Dulu di desa ada istilah sambatan, tolong-menolong.
“Tahu enggak, mengapa bisa seperti itu di masa lalu?” katanya.
”Mengapa?” tanya saya pendek.
“Di masa lalu, hal itu bisa terjadi, barangkali karena masih kuatnya rasa di antara penduduk desa bahwa orang tidak bisa hidup sendiri. Mereka menyadari bahwa dalam hidup, seseorang membutuhkan bantuan orang lain,” jelasnya.
Sebelum saya berkomentar, ia sudah mengatakan, “Salah satu karya penyair John Donne adalah ‘No Man is an Island’.

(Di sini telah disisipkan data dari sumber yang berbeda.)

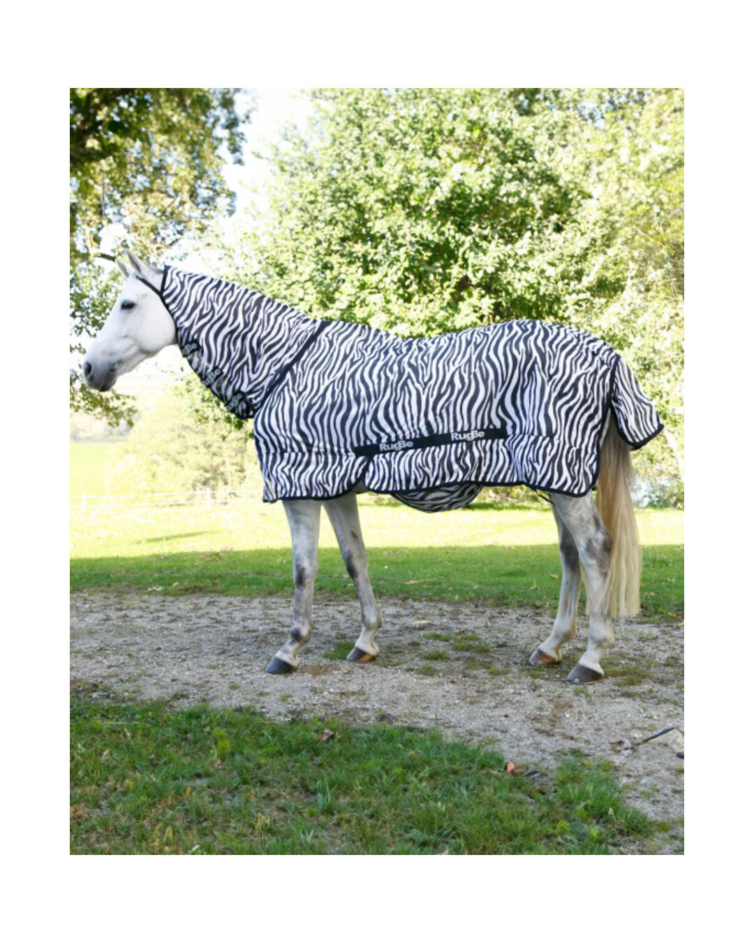 Die Fliegen- & Ekzemerdecke RugBe Zebra von Covalliero bietet nicht nur einen hervorragenden Schutz gegen lästige Fliegen, Stech- und Beißinsekten, sondern besticht auch durch ihr auffälliges Zebra-Look Design, das zusätzlich eine abschreckende Wirkung auf Insekten hat.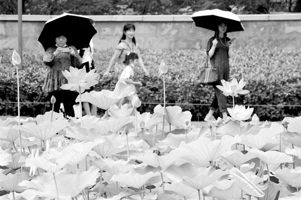 6月27日,游客在郑州紫荆山公园内观赏荷花。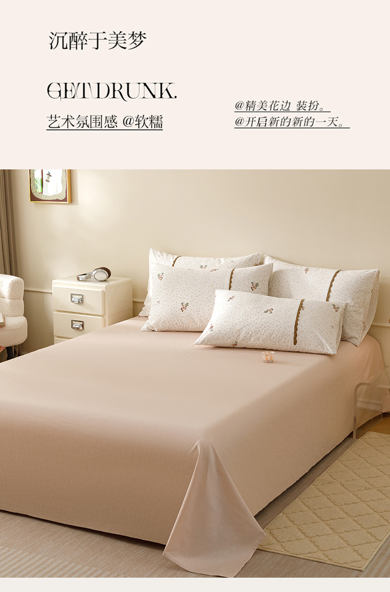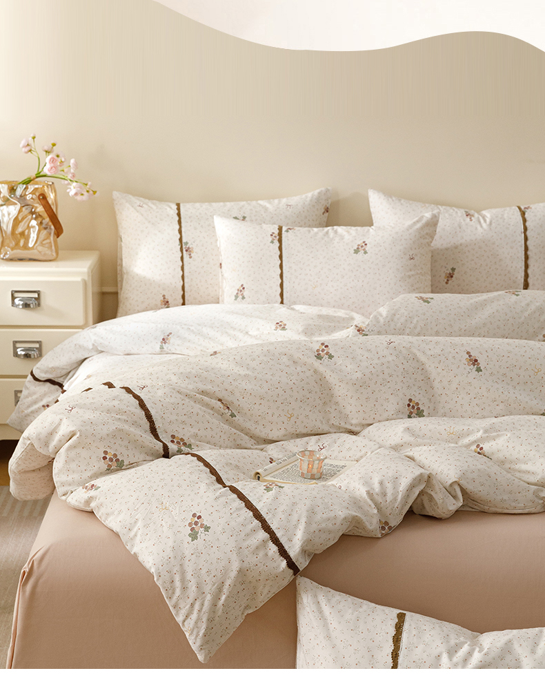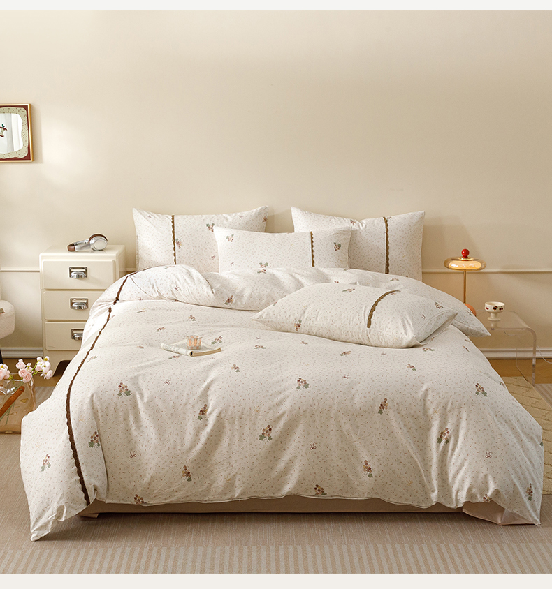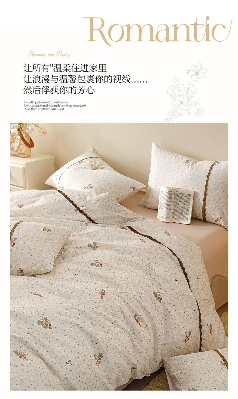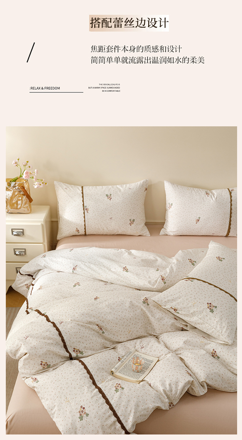 当前位置: 91家纺网 > 商品网购 > 床品套件 > 四件套 > 全棉普通四件套 > 女子家纺 2026新款40支13070全棉纯棉斜纹印花蕾丝四件套 奶白萄笺
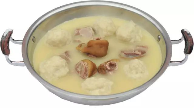 烹制程序:将山药去皮煮熟制成茸状,作狮子头形,过油。腊猪蹄宰块炖制成形,装入器皿。山药是利川特产,多年出口日本,有滋阴补阳药效,入药称之光条。山药狮子头与腊猪蹄同烹,营养极佳,烹山药之汤洁白无暇盛于平底锅,一锅六个狮子头状似六个花瓣,中间猪蹄尤若花蕊。看似一朵鲜花,食之人间美味。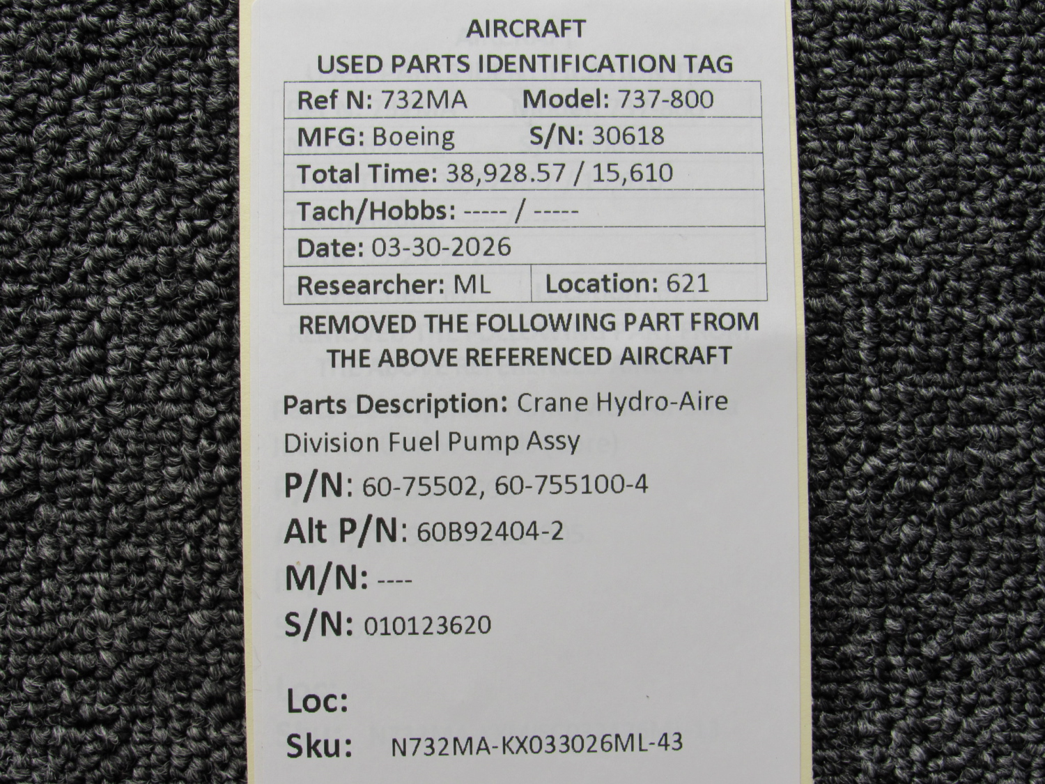 Every part is carefully inspected throughout our process and several times before it goes online. Most items are sold as-removed, just as they came off the aircraft. These parts are not functionally tested. What we do provide is clear photos, full traceability when available, pricing that reflects the as-removed condition, and a no-nonsense 90-day return window.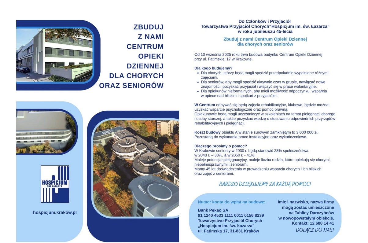 Starzejemy się. W 2030 roku seniorzy stanowić będą 28% społeczeństwa. Stąd w 45. roku działalności Hospicjum św. łazarza w Krakowie podjęło decyzje o rozbudowie domu i stworzeniu w nim Centrum Opieki Dziennej dla chorych i seniorów, a także opiekunów nieformalnych. Po to, by mogli wspólnie spędzić czas, uczestniczyć w rehabilitacji, uzyskać pomoc psychologiczna i prawną, móc uczestniczyć w szkoleniu.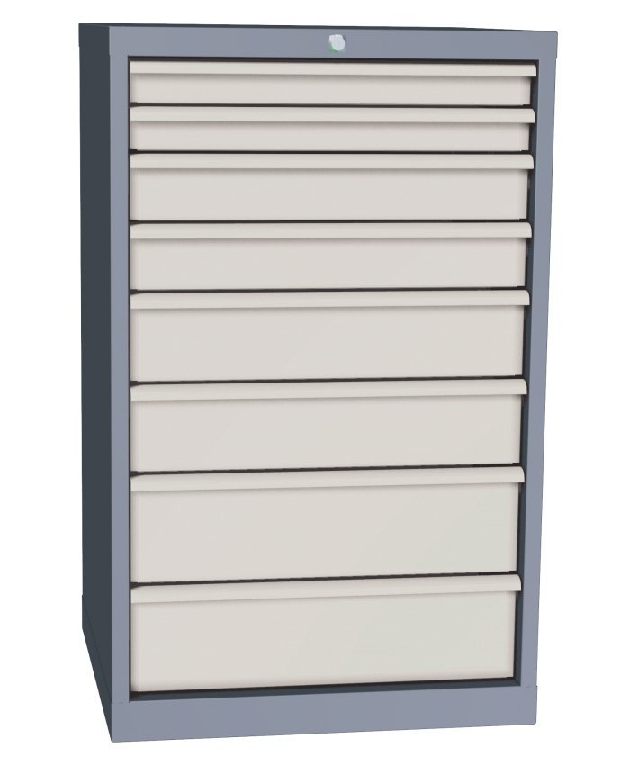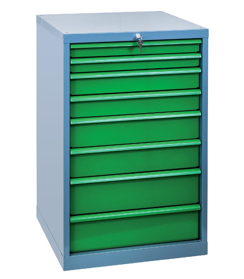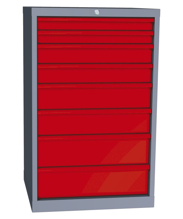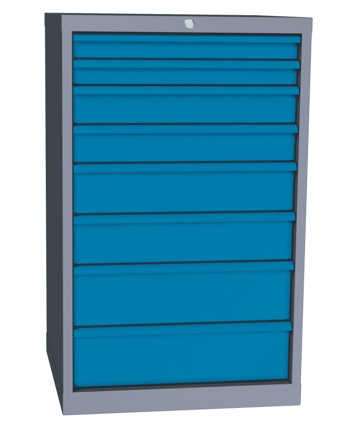 Osmizásuvková dílenská skříňka, šířka 620, výška 1000, hloubka 600 mm. Barva korpusu šedá RAL 7031, barva zásuvek zelená RAL 6001, modrá RAL 5012, červená RAL 3000, světle šedá RAL 7035 nebo žlutá RAL 1023. 2x zásuvka 60, 2x 90, 2x 120, 2x 150 mm.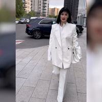 48-летняя Тина Канделаки предпочла для вечера белоснежный костюм с жакетом с мужского плеча. Образ дополнила сумка в тон и акцентные красные лодочки на высоких каблуках. Однако внимание поклонников привлек новый имидж — продюсер отстригла челку и волосы до плеч. Ей также сделали макияж с красной помадой.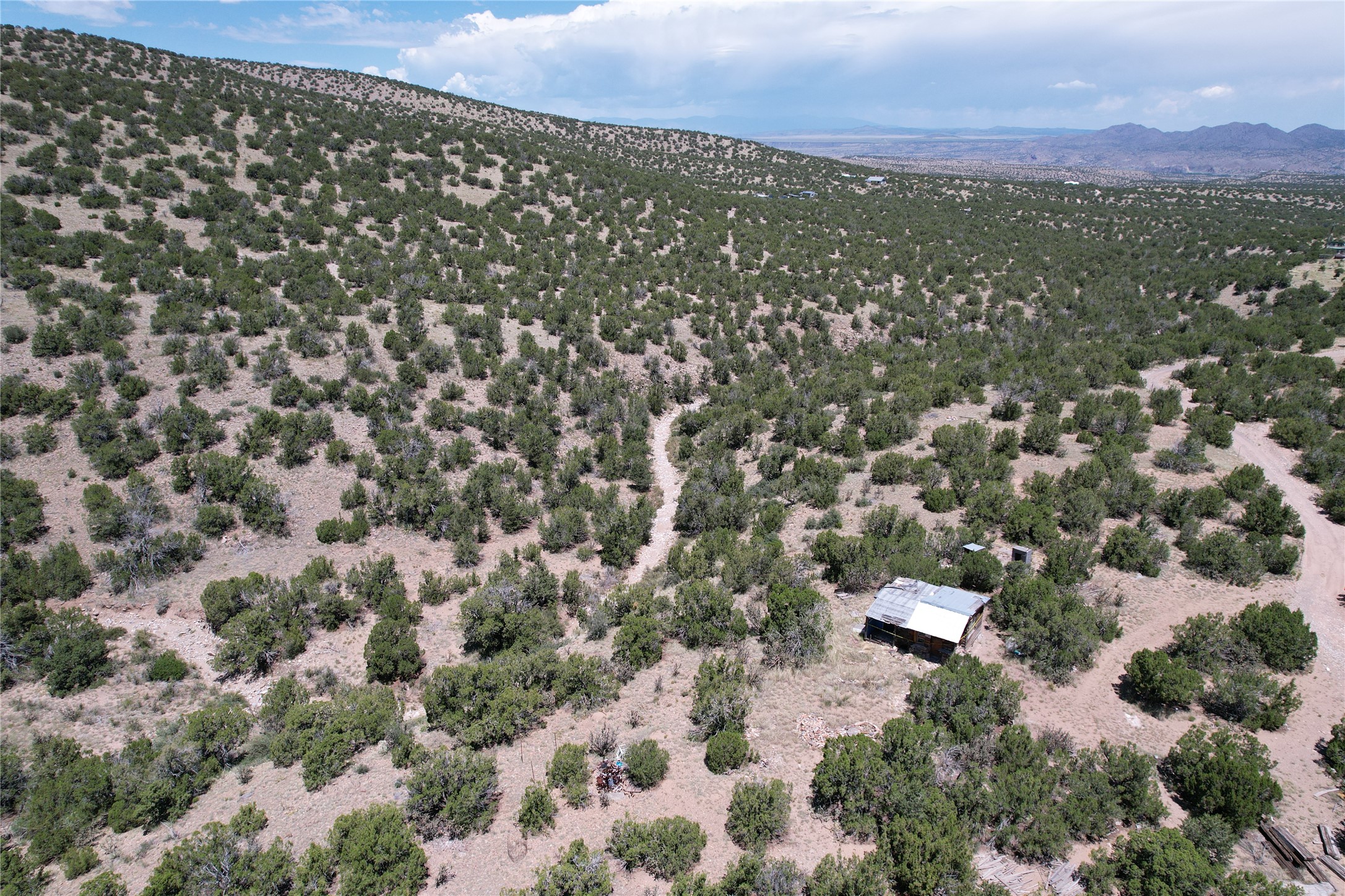 Forty acres (39.94) in the Ortiz Mountain foothills, remote but just 20 minutes from State Highway 14, this land possesses the perfect combination of accessibility and seclusion. The varied topography includes a flat area along the sparsely travelled Stoney Road and a beautiful rocky arroyo, and a sunny hillside with several natural "terraces" descending to a gently sloping plain. Enjoy dramatic views of the nearby Ortiz Mountains, and the distant Santa Fe city lights. Please do not enter the old shack, hazardous conditions may exist.

Dua baris pertama puisi itu berbunyi, ‘No man is an island/ entire of itself/ every man/ ia a piece of the continent/ a part of the main.’ “
Lalu ia menambahkan, “Jauh sebelumnya, sejarawan Romawi, Gaius Sallustius Crispus (86 SM-34 SM), sudah mengatakan, alterum alterius auxilio est, seseorang membutuhkan bantuan orang lain.”
Ia lalu mengatakan bahwa John Donne adalah seorang penyair asal Inggris yang hidup antara tahun 1572-1631.
“Memang, orang tidak bisa hidup sendiri. Tak mempedulikan orang lain. Mengucilkan diri di suatu tempat, seperti pulau yang jauh dari utara dan selatan,” komentar saya singkat.
Dengan cepat ia menyambung, “Ya, karena setiap orang menyadari akan perlunya orang lain. Maka kalau ada tetangga yang kesulitan, kerepotan, dirundung duka, tertimpa kemalangan, dahulu orang di desa kita biasanya akan segera membantu.
Bantuan akan diberikan secara tulus, tanpa mengharapkan imbalan. Bukan memberikan bantuan dengan memegang prinsip do ut des, saya beri agar engkau memberi.”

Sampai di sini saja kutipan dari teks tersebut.